# RECORDED DATA:
========

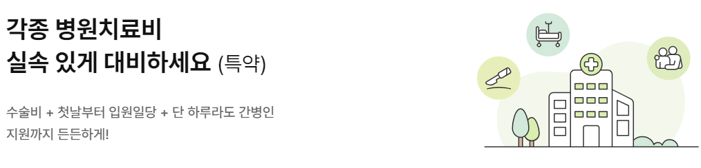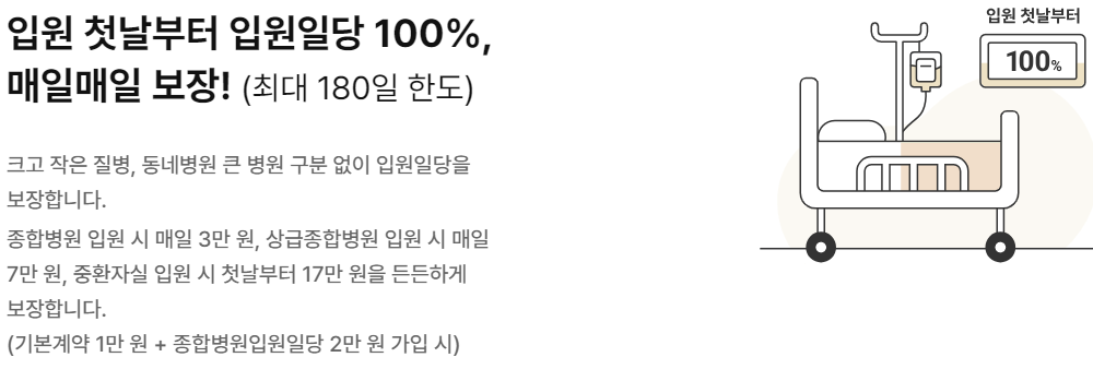 | 갱신형 종합병원 입원일당 (1일 이상 180일 한도) | 일반 상해 또는 질병으로 종합병원에 입원 시 최초 입원일로부터 입원 1일당 (1회 입원당 180일 한도) |
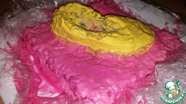 Выложить слой тертого сыра, через края пищевой пленки уплотнить салат и придать "подушке" желаемую форму. Смазать розовым соусом
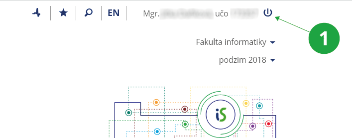 - Chcete-li práci se systémem ukončit, klikněte na ikonku „Odhlásit“ v pravém horním rohu okna.
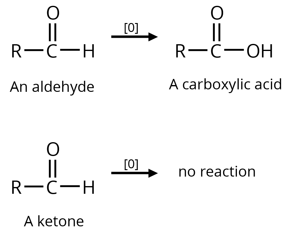 A specific oxidant for RCHO is Ag(NH3)2+. Ketones do not give this reaction
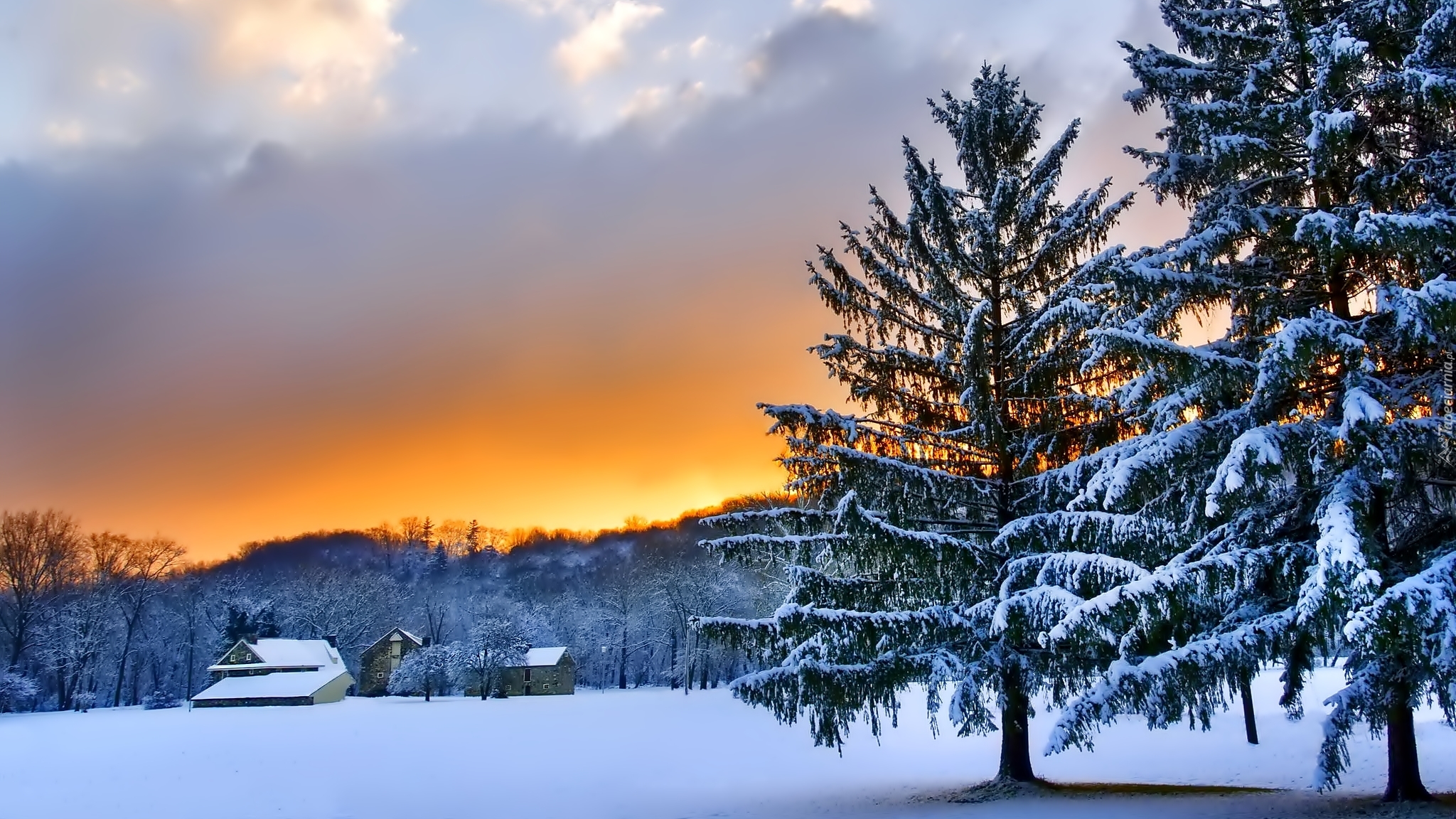 Edytor tapety: Góry, Lasy, Zabudowania, Zachód, Słońca, Zima
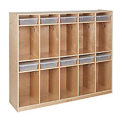 ECR4Kids 10-Section Storage Locker and Letter Size Trays with Lids, Natural, Clear
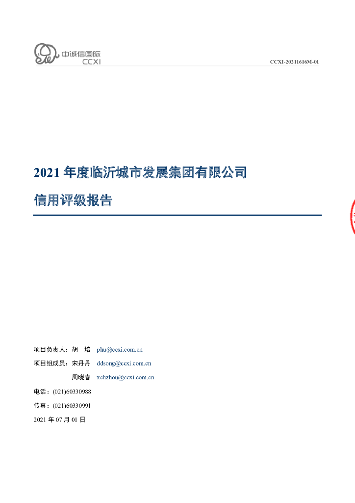 中诚信:临沂城市发展集团有限公司主体信用评级报告及跟踪评级安排.pdf
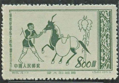 第一枚邮票图案选用了徐悲鸿1953年创作的《奔马》。这幅画创作于昔日内城东南处、临近内城东南角楼的徐悲鸿寓所。画作完成后,徐悲鸿题诗曰:“山河百战归民主,铲除崎岖大道平。”
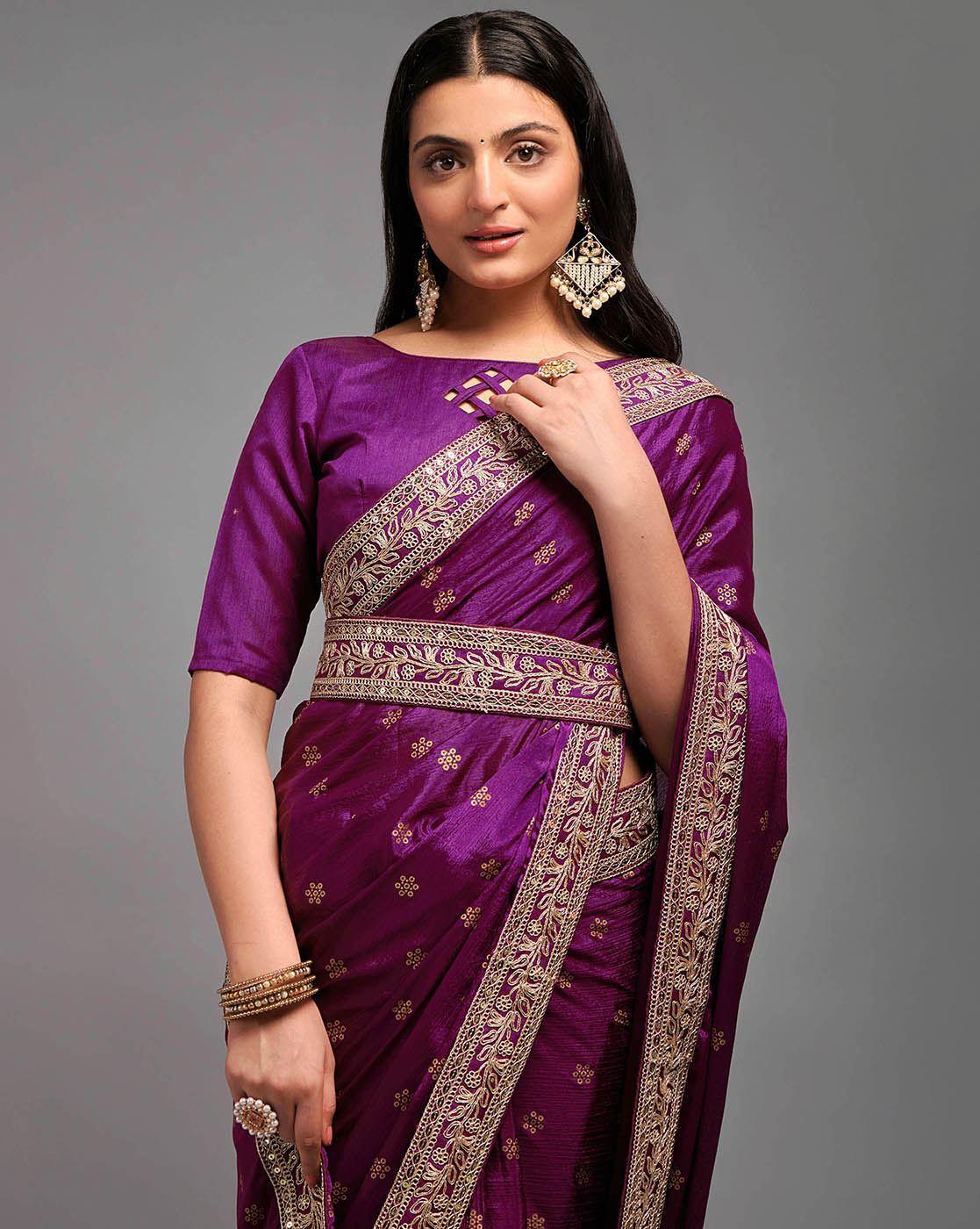 • The last image gives a detailed look of the blouse piece that comes with this saree (The model is wearing a blouse from our in-house wardrobe)
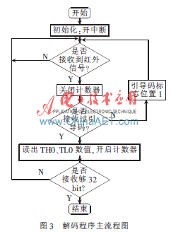 单片机T0口接收到脉冲下降沿后,T0计数器计数,下一次下降沿触发计数器停止,并把结果存在预先设置好的数组中。数组里面的数字代表一个信号的长短。虽然不同厂商的红外遥控器编码形制不同,但在所有的编码中,0、1信号只有长度的区别。根据这个原理,对采集到的信号组进行分析,定义长的信号为1,短的信号为0。反复实验就得到各个按键的编码,破解后的遥控器可以用作单片机的扩展键盘。图3为解码程序主流程图。
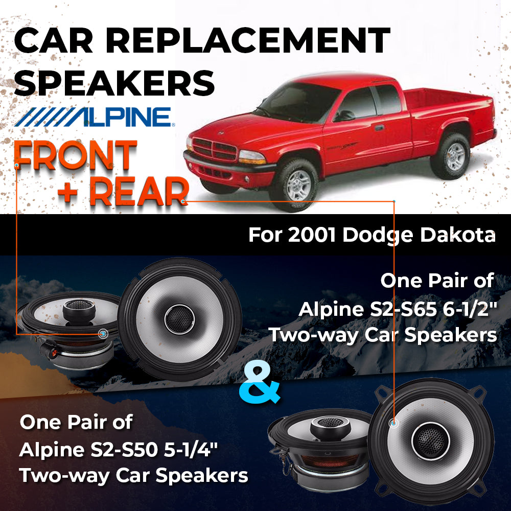 CAR REPLACEMENT SPEAKER PACKAGE FOR 2001 for Dodge Dakota VEHICLES THIS PACKAGE INCLUDES THE FOLLOWING: Alpine S2-S65...
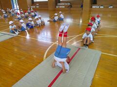 体育の授業の時間に、マット運動に取り組みました。前まわり、後まわり、指示倒立、川とびの練習をしています。運動しやすい気温になったので、子供たちは嬉しそうに活動に取り組んでいます。10月に入るとヤハリンピックの練習が始まります。季節の変わり目ですので、体調に気を付けていきたいと思います。
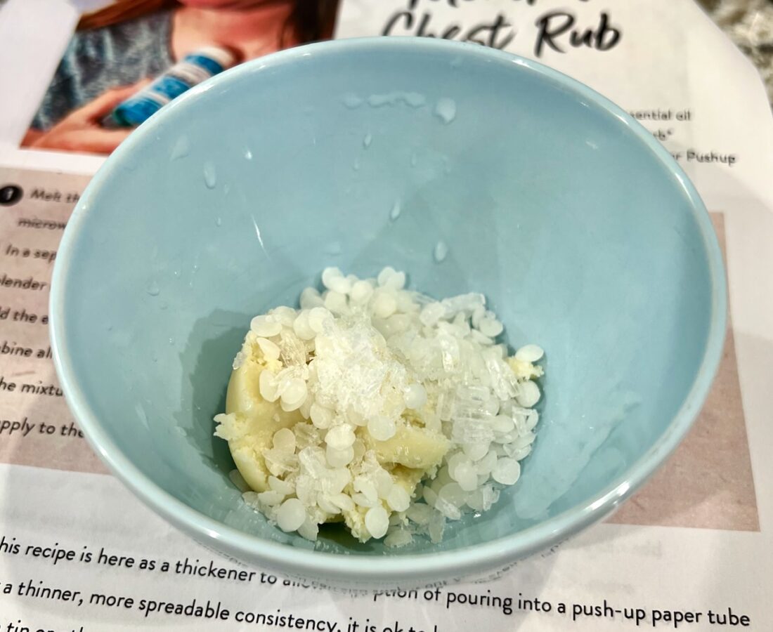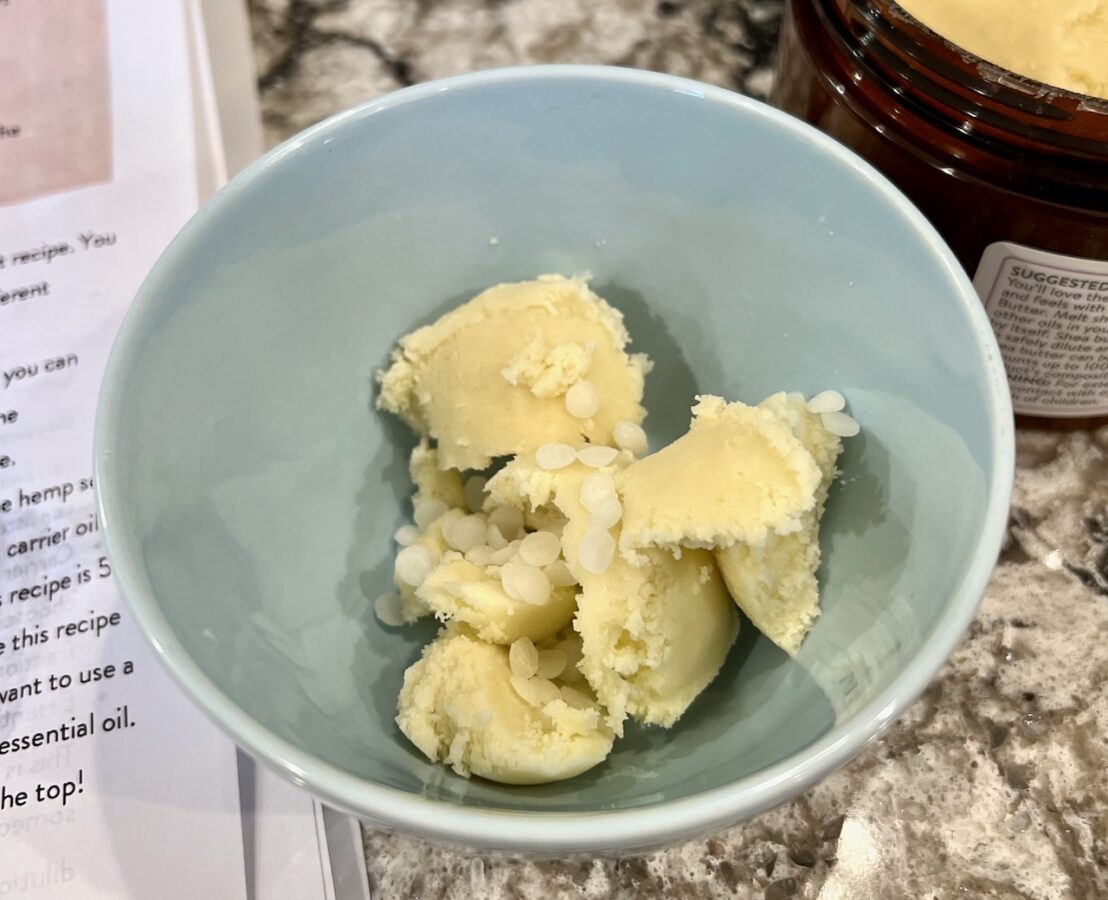 To begin, I needed to melt together the shea butter and beeswax. I did this by microwaving the bowl in 30-second increments until it was fully liquified.
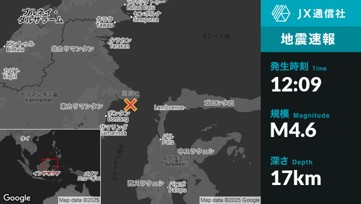 | 震源地 | インドネシアのBontangから東北東137kmの地点 |
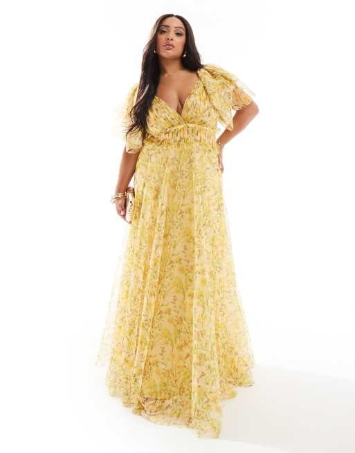 Lace & Beads Plus - Robe longue en tulle à manches évasées et volants - Jaune fleuri
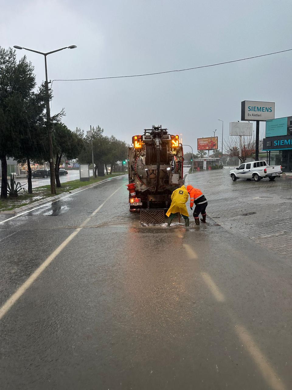 Belirlenen bu noktalarda yapılan çalışmalarla suyun tahliyesi sağlanırken, ulaşımın güvenli ve kontrollü şekilde devam etmesi için gerekli tüm önlemler alındı.

========

# TASK DESCRIPTION:
Leaving the pictures aside, repeat the data above exactly.

# RESULT FOR THIS TASK:
 | 갱신형 종합병원 입원일당 (1일 이상 180일 한도) | 일반 상해 또는 질병으로 종합병원에 입원 시 최초 입원일로부터 입원 1일당 (1회 입원당 180일 한도) |
 Выложить слой тертого сыра, через края пищевой пленки уплотнить салат и придать "подушке" желаемую форму. Смазать розовым соусом
 - Chcete-li práci se systémem ukončit, klikněte na ikonku „Odhlásit“ v pravém horním rohu okna.
 A specific oxidant for RCHO is Ag(NH3)2+. Ketones do not give this reaction
 Edytor tapety: Góry, Lasy, Zabudowania, Zachód, Słońca, Zima
 ECR4Kids 10-Section Storage Locker and Letter Size Trays with Lids, Natural, Clear
 中诚信:临沂城市发展集团有限公司主体信用评级报告及跟踪评级安排.pdf
 第一枚邮票图案选用了徐悲鸿1953年创作的《奔马》。这幅画创作于昔日内城东南处、临近内城东南角楼的徐悲鸿寓所。画作完成后,徐悲鸿题诗曰:“山河百战归民主,铲除崎岖大道平。”
 • The last image gives a detailed look of the blouse piece that comes with this saree (The model is wearing a blouse from our in-house wardrobe)
 单片机T0口接收到脉冲下降沿后,T0计数器计数,下一次下降沿触发计数器停止,并把结果存在预先设置好的数组中。数组里面的数字代表一个信号的长短。虽然不同厂商的红外遥控器编码形制不同,但在所有的编码中,0、1信号只有长度的区别。根据这个原理,对采集到的信号组进行分析,定义长的信号为1,短的信号为0。反复实验就得到各个按键的编码,破解后的遥控器可以用作单片机的扩展键盘。图3为解码程序主流程图。
 CAR REPLACEMENT SPEAKER PACKAGE FOR 2001 for Dodge Dakota VEHICLES THIS PACKAGE INCLUDES THE FOLLOWING: Alpine S2-S65...
 体育の授業の時間に、マット運動に取り組みました。前まわり、後まわり、指示倒立、川とびの練習をしています。運動しやすい気温になったので、子供たちは嬉しそうに活動に取り組んでいます。10月に入るとヤハリンピックの練習が始まります。季節の変わり目ですので、体調に気を付けていきたいと思います。
 To begin, I needed to melt together the shea butter and beeswax. I did this by microwaving the bowl in 30-second increments until it was fully liquified.
 | 震源地 | インドネシアのBontangから東北東137kmの地点 |
 Lace & Beads Plus - Robe longue en tulle à manches évasées et volants - Jaune fleuri
 Belirlenen bu noktalarda yapılan çalışmalarla suyun tahliyesi sağlanırken, ulaşımın güvenli ve kontrollü şekilde devam etmesi için gerekli tüm önlemler alındı.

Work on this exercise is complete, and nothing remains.